Chen Shuo, Zhang Yuan, Wu Qiong, Bi Chuan, Kochunov Peter, Hong L Elliot
Division of Biostatistics and Bioinformatics, Department of Epidemiology and Public Health, University of Maryland School of Medicine, 660 W. Redwood Street Baltimore, MD 21201, USA and Maryland Psychiatric Research Center, Department of Psychiatry, University of Maryland School of Medicine, Baltimore, 55 Wade Avenue, Catonsville, MD 21228, USA.
Department of Statistics, Ohio State University, 1958 Neil Ave, Columbus, OH 43210, USA.
Biostatistics. 2024 Apr 15;25(2):541-558. doi: 10.1093/biostatistics/kxad007.
Whole-brain connectome data characterize the connections among distributed neural populations as a set of edges in a large network, and neuroscience research aims to systematically investigate associations between brain connectome and clinical or experimental conditions as covariates. A covariate is often related to a number of edges connecting multiple brain areas in an organized structure. However, in practice, neither the covariate-related edges nor the structure is known. Therefore, the understanding of underlying neural mechanisms relies on statistical methods that are capable of simultaneously identifying covariate-related connections and recognizing their network topological structures. The task can be challenging because of false-positive noise and almost infinite possibilities of edges combining into subnetworks. To address these challenges, we propose a new statistical approach to handle multivariate edge variables as outcomes and output covariate-related subnetworks. We first study the graph properties of covariate-related subnetworks from a graph and combinatorics perspective and accordingly bridge the inference for individual connectome edges and covariate-related subnetworks. Next, we develop efficient algorithms to exact covariate-related subnetworks from the whole-brain connectome data with an $\ell_0$ norm penalty. We validate the proposed methods based on an extensive simulation study, and we benchmark our performance against existing methods. Using our proposed method, we analyze two separate resting-state functional magnetic resonance imaging data sets for schizophrenia research and obtain highly replicable disease-related subnetworks.

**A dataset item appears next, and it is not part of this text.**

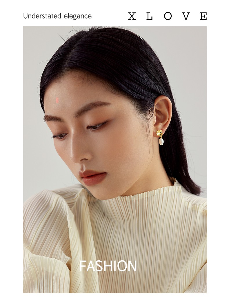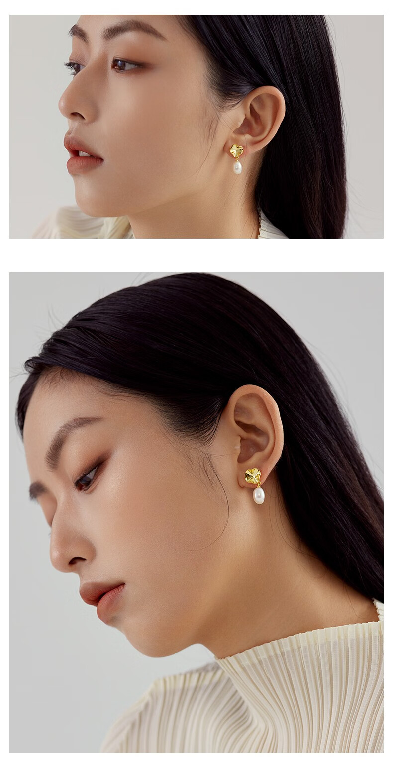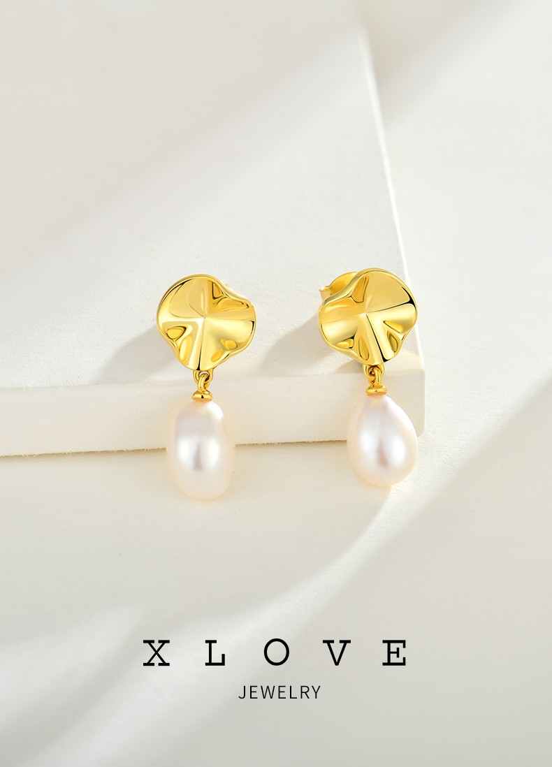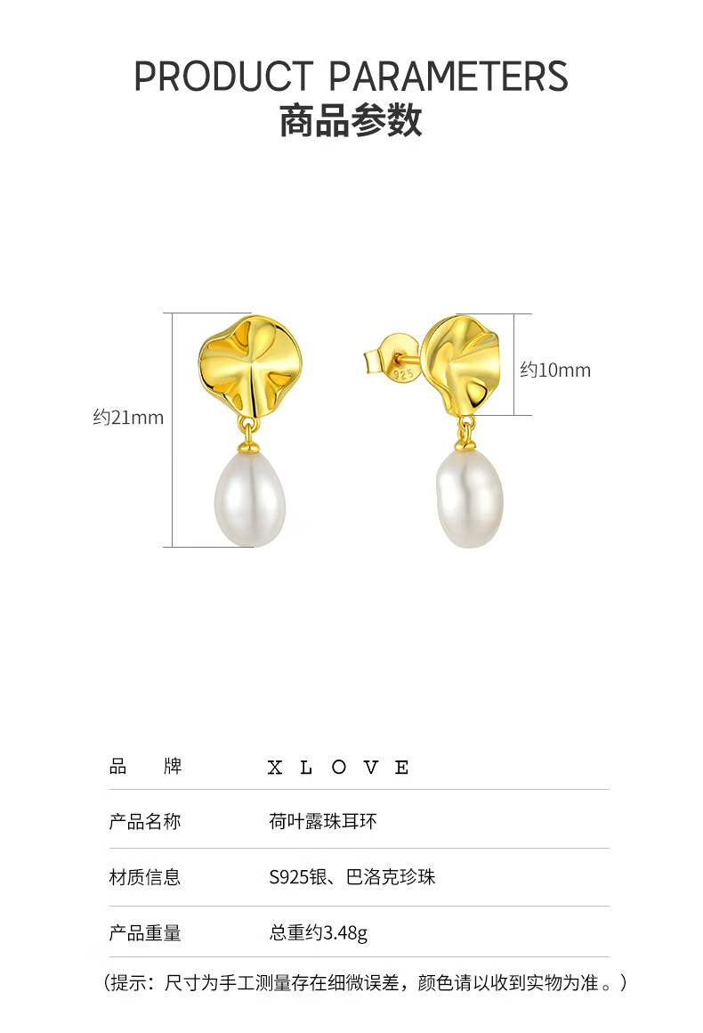 XLOVE 荷叶露珠耳钉女士巴洛克珍珠耳饰日韩风精美高级耳环

全脑连接组数据将分布式神经群体之间的连接表征为一个大型网络中的一组边,神经科学研究旨在系统地研究脑连接组与作为协变量的临床或实验条件之间的关联。协变量通常与以有组织结构连接多个脑区的一些边相关。然而,在实践中,与协变量相关的边及其结构都是未知的。因此,对潜在神经机制的理解依赖于能够同时识别与协变量相关的连接并识别其网络拓扑结构的统计方法。由于假阳性噪声以及边组合成子网的几乎无限可能性,该任务可能具有挑战性。为了应对这些挑战,我们提出了一种新的统计方法,将多元边变量作为结果进行处理,并输出与协变量相关的子网。我们首先从图论和组合学的角度研究与协变量相关的子网的图属性,并相应地在个体连接组边和与协变量相关的子网的推断之间架起桥梁。接下来,我们开发了高效的算法,通过$\ell_0$范数惩罚从全脑连接组数据中精确提取与协变量相关的子网。我们基于广泛的模拟研究验证了所提出的方法,并将我们的性能与现有方法进行了基准测试。使用我们提出的方法,我们分析了两个用于精神分裂症研究的独立静息态功能磁共振成像数据集,并获得了高度可重复的疾病相关子网。